GIVEN INFORMATION: Begin
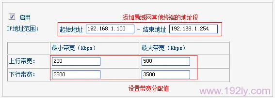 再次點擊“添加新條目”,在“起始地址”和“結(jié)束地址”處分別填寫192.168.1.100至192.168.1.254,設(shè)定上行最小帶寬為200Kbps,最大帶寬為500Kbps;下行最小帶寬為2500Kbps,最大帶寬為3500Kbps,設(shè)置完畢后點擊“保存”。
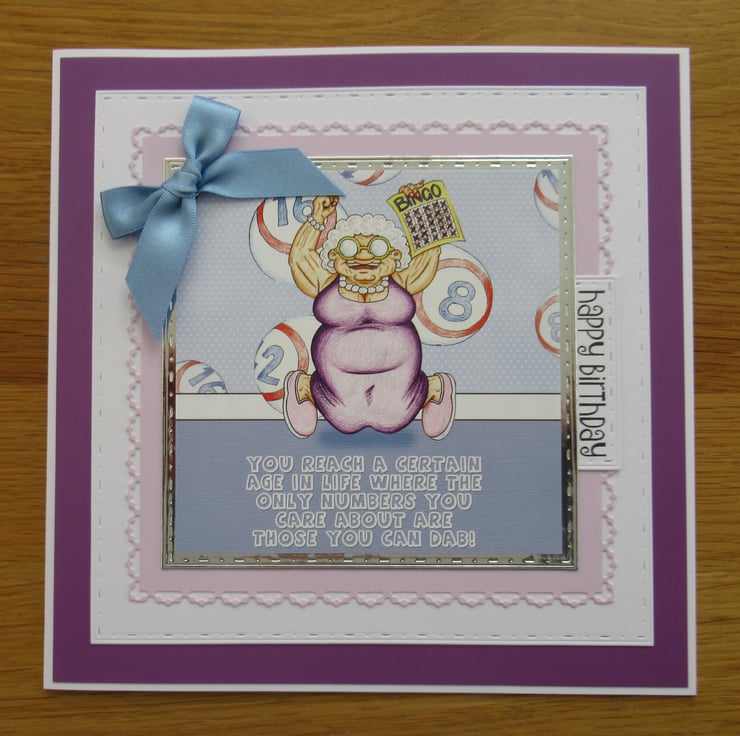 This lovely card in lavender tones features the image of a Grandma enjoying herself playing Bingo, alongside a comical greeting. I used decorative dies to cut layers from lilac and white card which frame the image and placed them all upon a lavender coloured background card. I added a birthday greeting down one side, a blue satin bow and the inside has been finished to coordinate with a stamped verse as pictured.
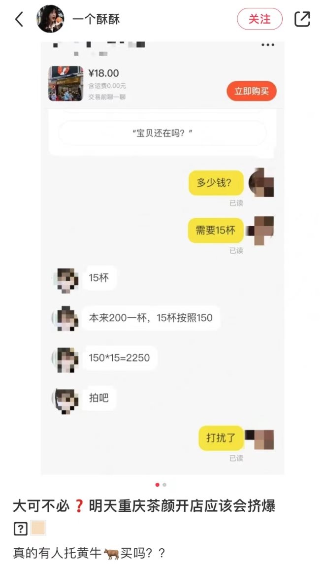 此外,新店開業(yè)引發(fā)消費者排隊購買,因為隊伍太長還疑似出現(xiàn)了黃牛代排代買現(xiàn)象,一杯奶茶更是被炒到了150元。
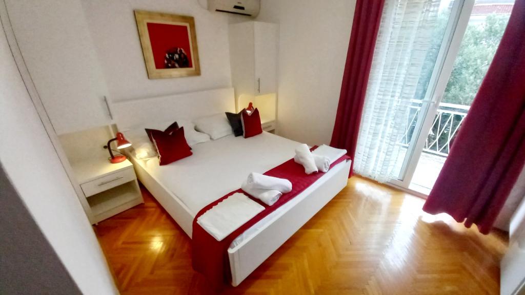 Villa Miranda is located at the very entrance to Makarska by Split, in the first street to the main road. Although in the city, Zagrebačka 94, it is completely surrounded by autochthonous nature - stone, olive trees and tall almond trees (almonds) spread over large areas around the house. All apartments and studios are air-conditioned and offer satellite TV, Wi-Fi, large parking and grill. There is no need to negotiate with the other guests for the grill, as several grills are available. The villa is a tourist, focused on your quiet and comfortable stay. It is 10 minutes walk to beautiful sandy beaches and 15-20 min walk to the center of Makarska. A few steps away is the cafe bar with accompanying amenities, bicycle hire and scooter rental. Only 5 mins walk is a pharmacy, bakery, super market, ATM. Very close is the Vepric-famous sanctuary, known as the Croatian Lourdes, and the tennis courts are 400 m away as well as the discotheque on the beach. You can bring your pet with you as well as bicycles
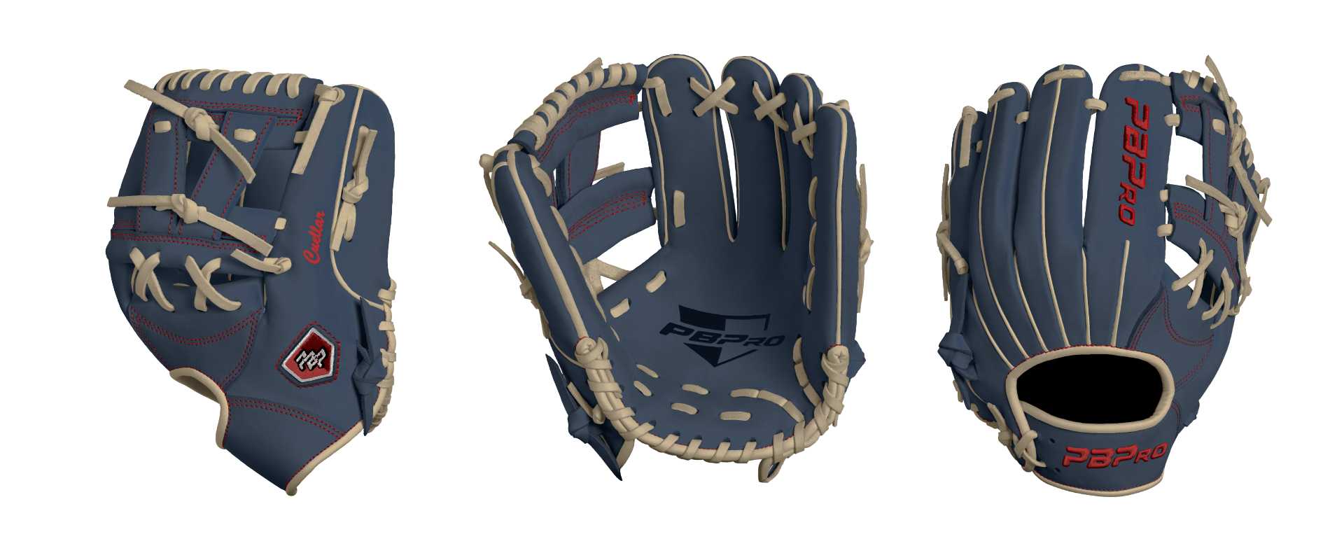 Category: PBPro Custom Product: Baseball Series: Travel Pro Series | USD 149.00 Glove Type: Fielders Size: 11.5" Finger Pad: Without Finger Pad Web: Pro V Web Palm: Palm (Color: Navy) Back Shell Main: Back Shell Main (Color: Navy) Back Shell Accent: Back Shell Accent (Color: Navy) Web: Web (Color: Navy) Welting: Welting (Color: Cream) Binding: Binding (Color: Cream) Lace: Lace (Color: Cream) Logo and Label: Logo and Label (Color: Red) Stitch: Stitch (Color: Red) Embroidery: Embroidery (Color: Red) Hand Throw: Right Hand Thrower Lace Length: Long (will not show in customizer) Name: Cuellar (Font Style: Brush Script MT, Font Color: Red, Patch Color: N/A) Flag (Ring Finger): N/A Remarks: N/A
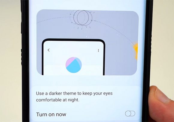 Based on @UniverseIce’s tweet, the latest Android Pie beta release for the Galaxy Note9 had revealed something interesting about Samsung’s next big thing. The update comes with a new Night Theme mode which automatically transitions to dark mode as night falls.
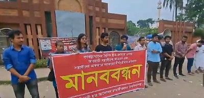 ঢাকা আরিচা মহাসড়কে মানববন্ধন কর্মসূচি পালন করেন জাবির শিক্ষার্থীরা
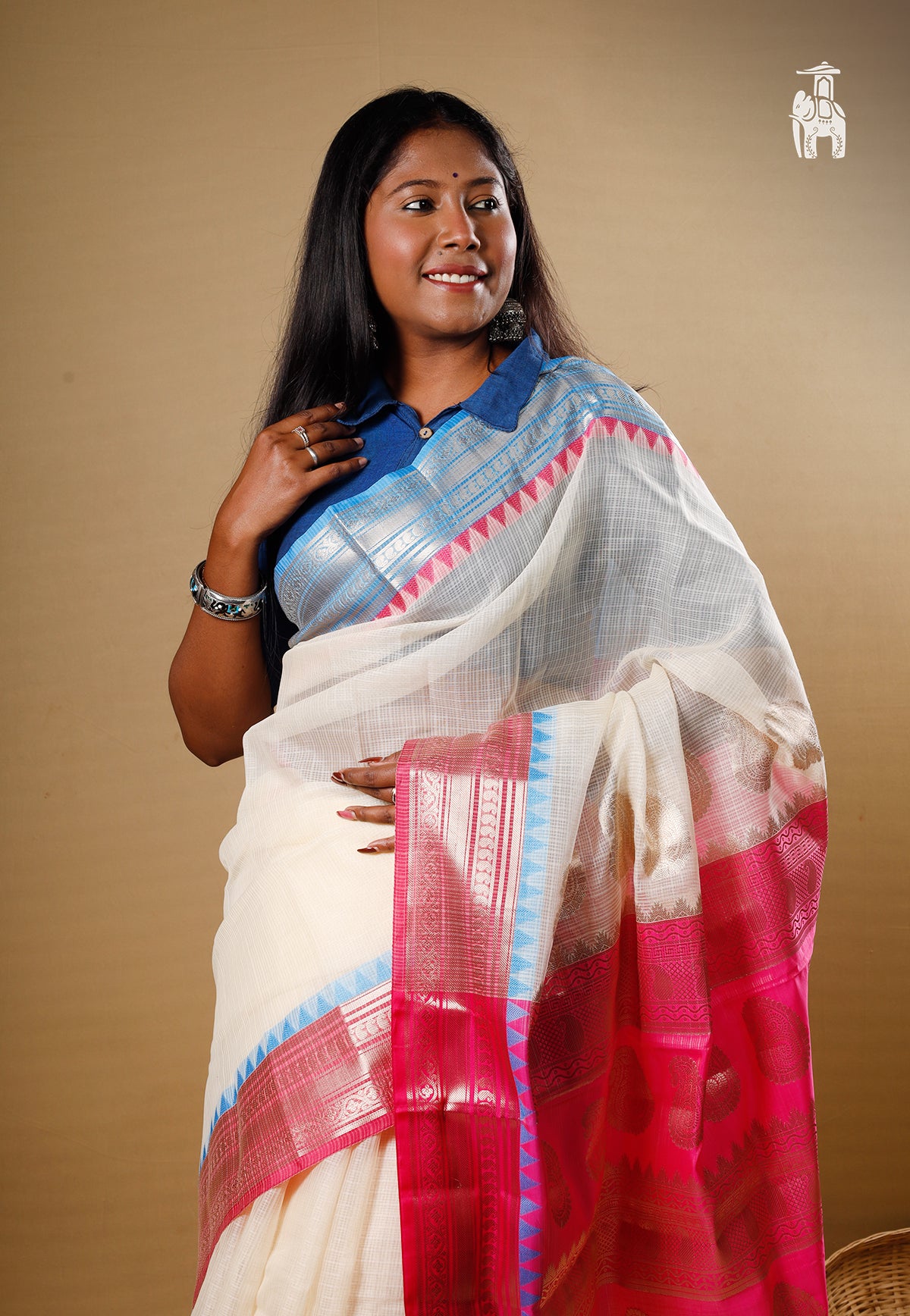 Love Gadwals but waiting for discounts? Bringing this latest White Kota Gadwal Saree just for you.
GIVEN INFORMATION: End
GIVEN INFORMATION: Begin
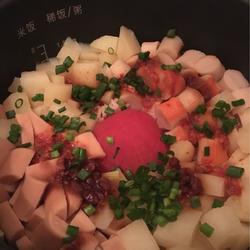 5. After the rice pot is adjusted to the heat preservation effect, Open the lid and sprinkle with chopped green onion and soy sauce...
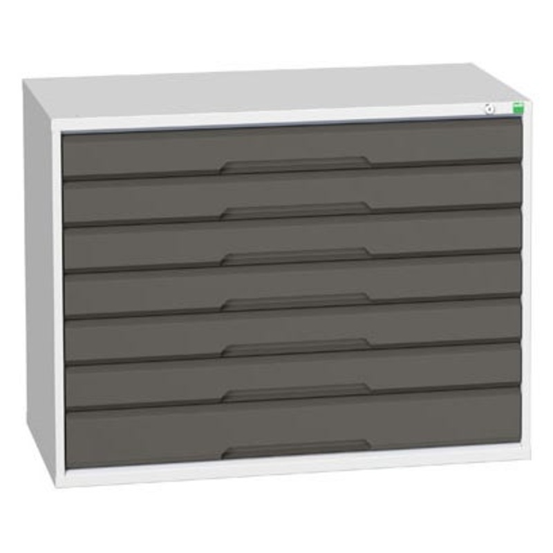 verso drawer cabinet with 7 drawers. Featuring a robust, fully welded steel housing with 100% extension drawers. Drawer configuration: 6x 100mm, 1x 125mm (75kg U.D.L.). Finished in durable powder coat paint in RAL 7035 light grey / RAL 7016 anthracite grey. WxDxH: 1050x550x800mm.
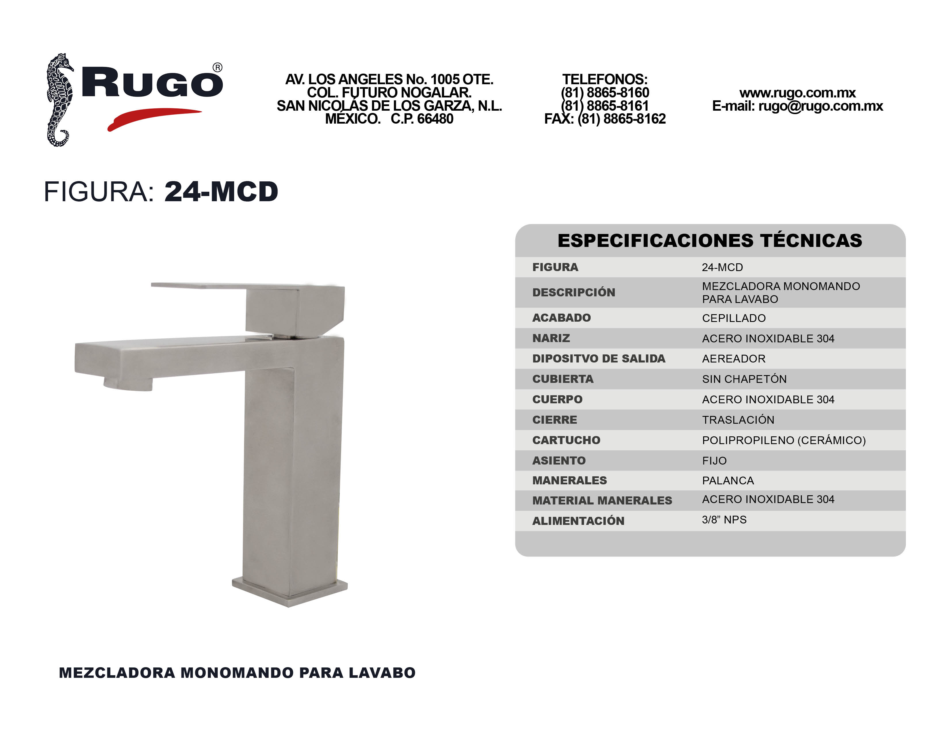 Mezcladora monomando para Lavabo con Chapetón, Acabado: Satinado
GIVEN INFORMATION: End
GIVEN INFORMATION: Begin
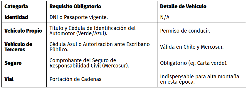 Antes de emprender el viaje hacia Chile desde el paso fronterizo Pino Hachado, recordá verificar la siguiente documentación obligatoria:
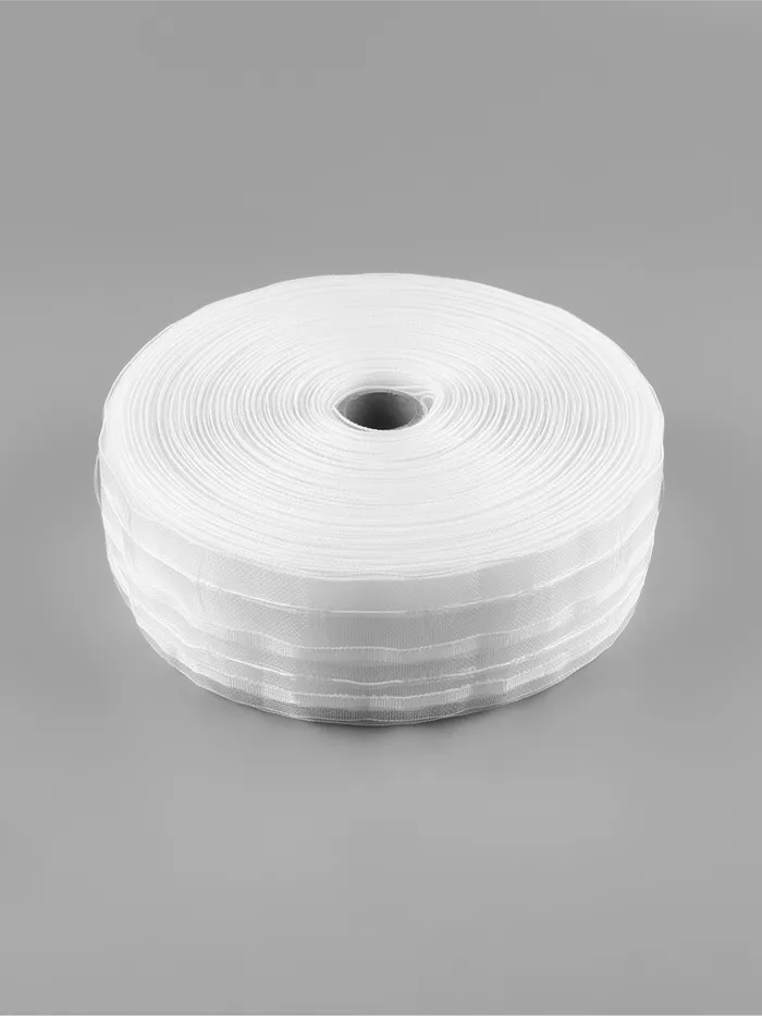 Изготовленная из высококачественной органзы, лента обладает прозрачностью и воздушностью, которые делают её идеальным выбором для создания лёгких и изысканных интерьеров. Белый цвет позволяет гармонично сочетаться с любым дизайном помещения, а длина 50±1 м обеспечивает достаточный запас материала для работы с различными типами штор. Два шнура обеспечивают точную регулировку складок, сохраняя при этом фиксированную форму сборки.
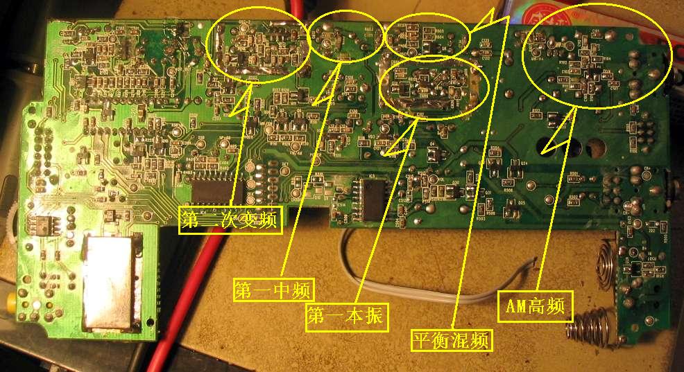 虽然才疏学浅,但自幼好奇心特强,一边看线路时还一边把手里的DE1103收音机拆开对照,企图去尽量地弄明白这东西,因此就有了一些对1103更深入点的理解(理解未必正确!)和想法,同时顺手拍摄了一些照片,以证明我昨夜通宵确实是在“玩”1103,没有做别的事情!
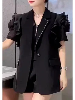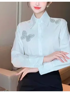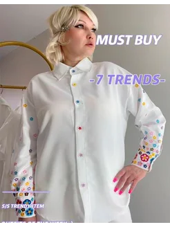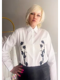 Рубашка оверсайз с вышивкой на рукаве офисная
GIVEN INFORMATION: End
(ASSIGNMENT):
Look above for the line with "Villa Miranda is" and the line with "Love Gadwals but", then copy exactly the lines from the first through the second, both kept, with no pictures.

(WORKED SOLUTION):
 Villa Miranda is located at the very entrance to Makarska by Split, in the first street to the main road. Although in the city, Zagrebačka 94, it is completely surrounded by autochthonous nature - stone, olive trees and tall almond trees (almonds) spread over large areas around the house. All apartments and studios are air-conditioned and offer satellite TV, Wi-Fi, large parking and grill. There is no need to negotiate with the other guests for the grill, as several grills are available. The villa is a tourist, focused on your quiet and comfortable stay. It is 10 minutes walk to beautiful sandy beaches and 15-20 min walk to the center of Makarska. A few steps away is the cafe bar with accompanying amenities, bicycle hire and scooter rental. Only 5 mins walk is a pharmacy, bakery, super market, ATM. Very close is the Vepric-famous sanctuary, known as the Croatian Lourdes, and the tennis courts are 400 m away as well as the discotheque on the beach. You can bring your pet with you as well as bicycles
 Category: PBPro Custom Product: Baseball Series: Travel Pro Series | USD 149.00 Glove Type: Fielders Size: 11.5" Finger Pad: Without Finger Pad Web: Pro V Web Palm: Palm (Color: Navy) Back Shell Main: Back Shell Main (Color: Navy) Back Shell Accent: Back Shell Accent (Color: Navy) Web: Web (Color: Navy) Welting: Welting (Color: Cream) Binding: Binding (Color: Cream) Lace: Lace (Color: Cream) Logo and Label: Logo and Label (Color: Red) Stitch: Stitch (Color: Red) Embroidery: Embroidery (Color: Red) Hand Throw: Right Hand Thrower Lace Length: Long (will not show in customizer) Name: Cuellar (Font Style: Brush Script MT, Font Color: Red, Patch Color: N/A) Flag (Ring Finger): N/A Remarks: N/A
 Based on @UniverseIce’s tweet, the latest Android Pie beta release for the Galaxy Note9 had revealed something interesting about Samsung’s next big thing. The update comes with a new Night Theme mode which automatically transitions to dark mode as night falls.
 ঢাকা আরিচা মহাসড়কে মানববন্ধন কর্মসূচি পালন করেন জাবির শিক্ষার্থীরা
 Love Gadwals but waiting for discounts? Bringing this latest White Kota Gadwal Saree just for you.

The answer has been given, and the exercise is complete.